§ Extracted data
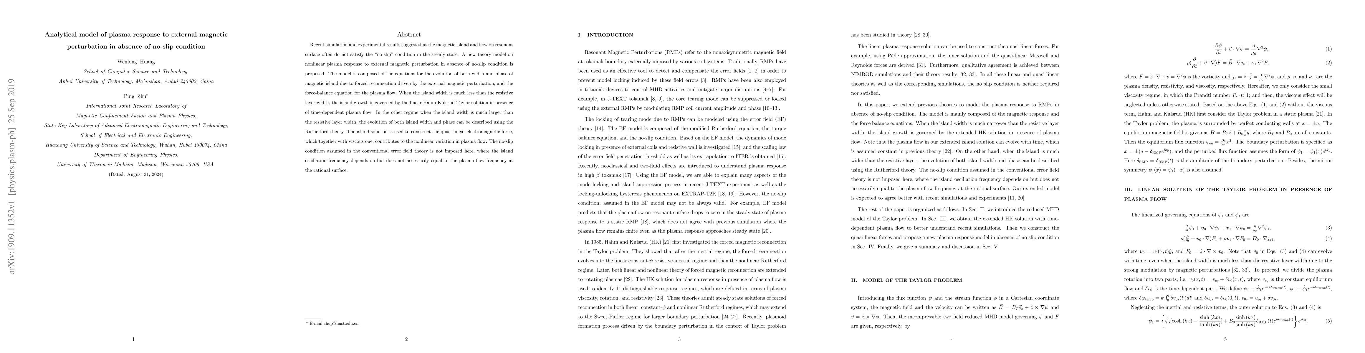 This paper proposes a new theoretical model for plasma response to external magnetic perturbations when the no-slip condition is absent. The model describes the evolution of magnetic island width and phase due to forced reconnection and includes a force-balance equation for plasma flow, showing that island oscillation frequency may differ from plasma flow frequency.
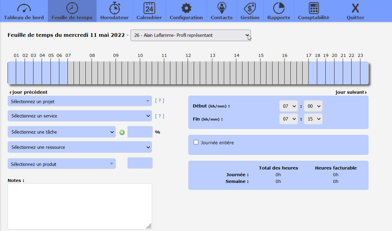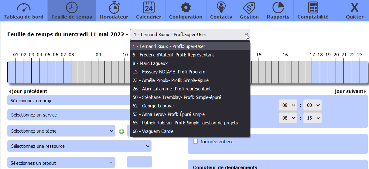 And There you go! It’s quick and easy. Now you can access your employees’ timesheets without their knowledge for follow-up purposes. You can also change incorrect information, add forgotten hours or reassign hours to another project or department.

* * *

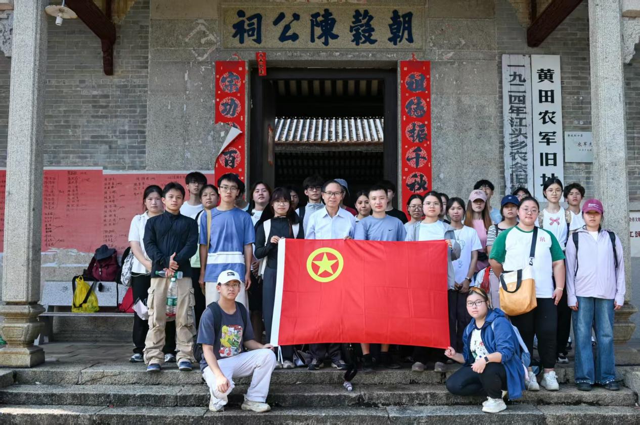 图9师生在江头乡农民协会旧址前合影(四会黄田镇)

---

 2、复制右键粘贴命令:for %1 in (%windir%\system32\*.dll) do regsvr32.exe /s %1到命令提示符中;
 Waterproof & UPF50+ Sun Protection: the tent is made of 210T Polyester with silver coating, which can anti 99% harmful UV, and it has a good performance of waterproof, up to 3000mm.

§ Your goal
Going by the data above, the answer is exactly the lines from the one holding "This paper proposes" to the one holding "And There you", both kept, with the pictures left out.

§ Result of this task
 This paper proposes a new theoretical model for plasma response to external magnetic perturbations when the no-slip condition is absent. The model describes the evolution of magnetic island width and phase due to forced reconnection and includes a force-balance equation for plasma flow, showing that island oscillation frequency may differ from plasma flow frequency.
 And There you go! It’s quick and easy. Now you can access your employees’ timesheets without their knowledge for follow-up purposes. You can also change incorrect information, add forgotten hours or reassign hours to another project or department.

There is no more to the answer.